Л. Ю. Брик писала: «Почему же застрелился
Володя?… В нем была исступленная любовь к жизни, любовь ко всем ее проявлениям
– к революции, к искусству, к работе, ко мне, к женщинам, к азарту, к воздуху,
которым он дышал. Его удивительная энергия преодолевала все препятствия. Но он
знал, что не сможет победить старость и с болезненным ужасом ждал ее с самых
молодых лет. Всегдашние разговоры Маяковского о самоубийстве! Это был террор. В
16-м году рано утром меня разбудил телефонный звонок. Глухой, тихий голос
Маяковского: „Я стреляюсь. Прощай, Лилик". Я крикнула: „Подожди
меня!" – что-то накинула поверх халата. Скатилась с лестницы, умоляла,
гнала. Била извозчика кулаками в спину. Маяковский открыл мне дверь. В комнате
на столе лежал пистолет. Он сказал: „Стрелялся, осечка, второй раз не решился,
ждал тебя". Я была в неописуемом ужасе, не могла прийти в себя… Когда в
1956 году в Москву приезжал Роман Якобсон, он напомнил мне мой разговор с ним в
1920 году. Мы шли вдоль Охотного ряда, он сказал: „Не представляю себе Володю
старого, в морщинах". А я ответила ему: „Он ни за что не будет старым, он
обязательно застрелится. Он уже стрелялся – была осечка. Но ведь осечка бывает
не каждый раз!" Перед тем, как покончить с собой, Маяковский вынул обойму
из пистолета и оставил только один патрон в стволе. Зная его, я убеждена, что
он доверился судьбе, думал – если не судьба, опять будет осечка, и он поживет
еще…
Как часто я слышала от Маяковского слово
«самоубийство». Чуть что – покончу с собой. 35 лет – старость! До тридцати лет
доживу, дольше не стану. Сколько раз я мучительно пыталась его убедить в том,
что ему старость не страшна, что он не балерина. Лев Толстой,
Гёте были не «молодой» и не «старый», а Лев Толстой, Гёте. Так же и он, Володя,
в любом возрасте – Владимир Маяковский. Разве я могла бы разлюбить его из-за
морщин? Когда у него будут мешки под глазами и морщины по всей щеке, я буду
обожать их. Но он упрямо твердил, что не хочет дожить ни до своей, ни до моей
старости. Не действовали и мои уверения. что «благоразумие», которого он так
боится, конечно, отвратительное, но не обязательное же свойство старости.
Толстой не поддался ему. Ушел. Глупо ушел, по-молодому… Мысль о самоубийстве
была хронической болезнью Маяковского, и, как каждая хроническая болезнь, она
обострялась при неблагоприятных условиях. Конечно, разговоры и мысли о
самоубийстве не всегда одинаково пугали меня, а то и жить было бы невозможно.

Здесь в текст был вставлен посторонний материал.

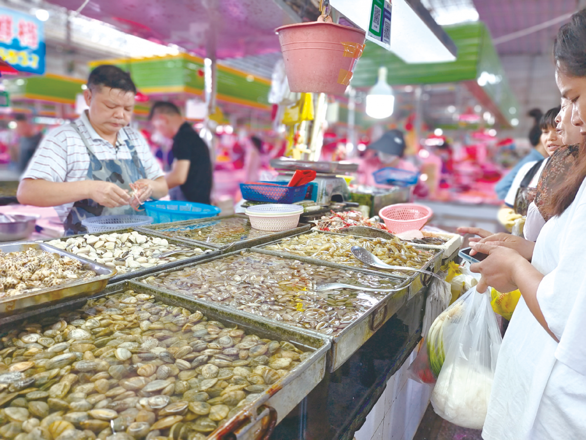 在仙葫农贸市场,海鲜种类更丰富,鱼虾贝蟹琳琅满目,不少市民在档口前仔细挑选。“最期待还是沙丁鱼和皮皮虾,开海后这些海鲜的价格应该能便宜一些。”市民蒙阿姨笑着说,家人喜欢吃海鲜,她隔三差五就会购买,所以对价格的变动比较清楚。“新鲜的沙丁鱼31元一斤,冰鲜的便宜一些,22元一斤。”海鲜档口经营户韦先生介绍,目前钦北防的新鲜鱼类还未供应充足,价格并没有太大变化。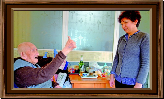今年上半年,在房泽秋家中,当着记者的面,李玉柱老人(图左)高高跷起大拇指感谢房泽秋(图右)多年的照顾。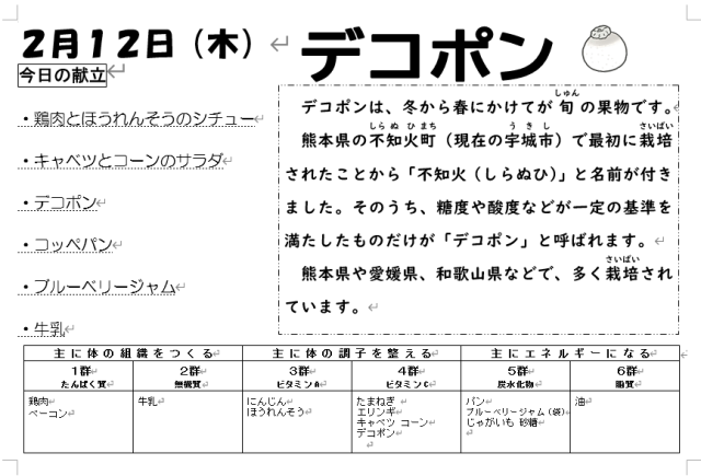 「キャベツとコーンのサラダ」、「デコポン」などをおいしくいただきました。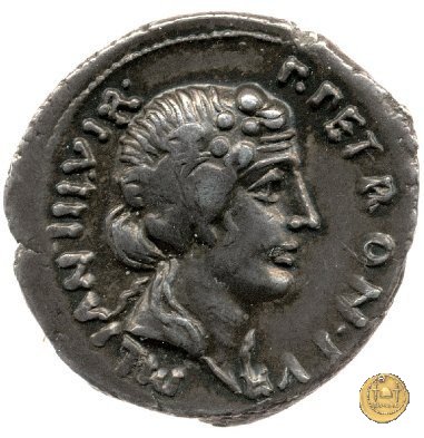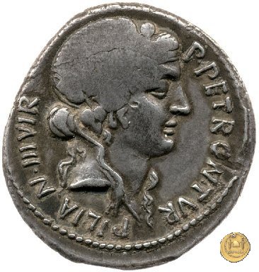 CLM359 Obverse: ![]() P PETRON ![]() TVRPILIAN IIIVIR ![]() FEROBusto di Feronia, diademato e drappeggiato, rivolto verso destra. Reverse: ↻ CAESAR - AVGVSTVS SIGN RECE; X Un partico in ginocchioni rivolto verso destra. Con la mano destra tiene uno stendardo con un vessillo iscritto. | |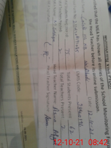 | Certified that this School was Inspected by the Undersigned MEA/DMO Today and the Information Stated Above is as Per Record. | |||||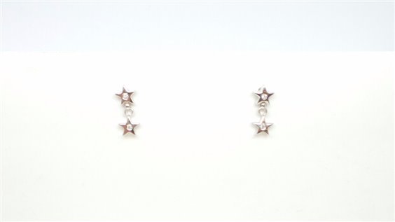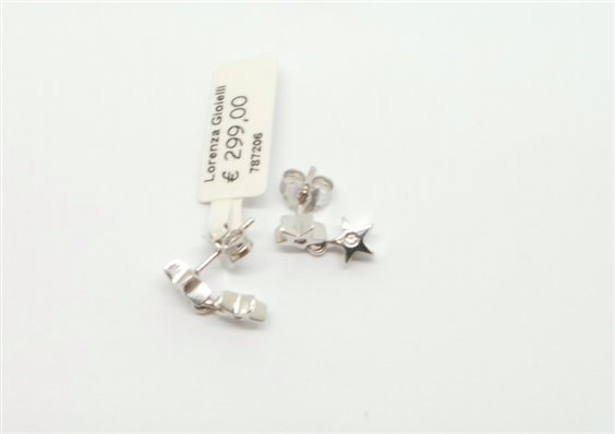 ORECCHINI PENDENTI IN ORO BIANCO LUCIDO A FORMA DI STELLINA CON DIAMANTINO CENTRALE .PENDENZA TOTALE MM 16 X 6.4 LARGHEZZA, SPESSORE MM 2.8 . CHIUSURA CON PERNO E FARFALLINA .TUTTO CON CERTIFICATO DI GARANZIA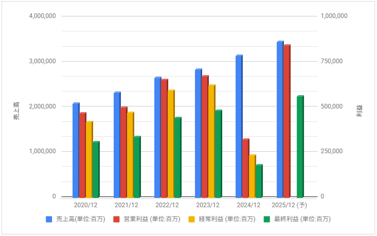 2025年12月期の連結営業利益は8,450億円見通しとしています。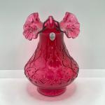 Lot 70: Fenton Cranberry Art Glass Ruffled Top Vase (12 photos)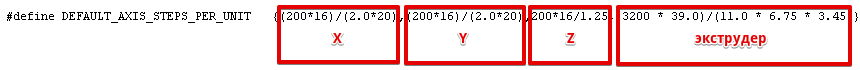 Теперь посмотрим, как я их получил. По всем осям стоят шаговые двигатели 200 шагов на оборот, 16 микрошагов на шаг (устанавливается перемычками на плате). По осям X и Y стоит приводной ремень GT2 с шагом 2 мм и 20-ти зубые шкивы, итого получаем формулу (200*16)/(2.0*20). По оси Z стоят шпильки М8 с шагом резьбы 1,25 мм, итого формула 200*16/1.25.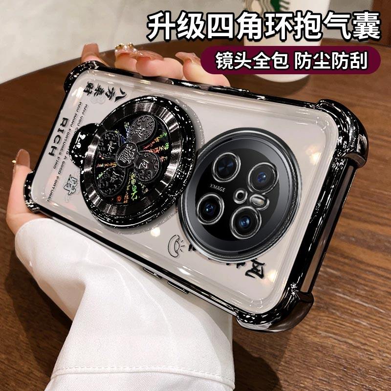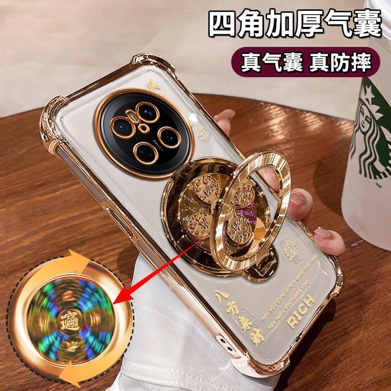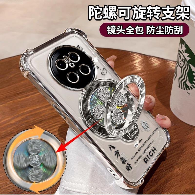 适用华为mate70手机壳风生水起电镀四角防摔高级感简约气囊MATE70PRO解压陀螺支架新款保护套

Кто-то опаздывал на партию в карты – он никому не нужен. Девушка не позвонила
по телефону, когда он ждал, – никто его не любит. А если так, значит –
жить бессмысленно…»
После смерти началось
замалчивание поэта, прерванное в 1935 году резолюцией Сталина, наложенной на
адресованном ему письме: «Тов. Ежов, очень прошу вас обратить внимание на
письмо Брик. Маяковский был и остается лучшим, талантливейшим поэтом нашей
советской эпохи. Безразличие к его памяти и к его произведениям – преступление.
Жалобы Брик, по-моему, правильны. Свяжитесь с ней или вызовите ее в Москву.
Привлеките к делу Таль и Мехлиса и сделайте, пожалуйста, все, что упущено нами.
Если моя помощь понадобится – я готов». В результате Совнарком СССР признал
труды Маяковского государственным достоянием.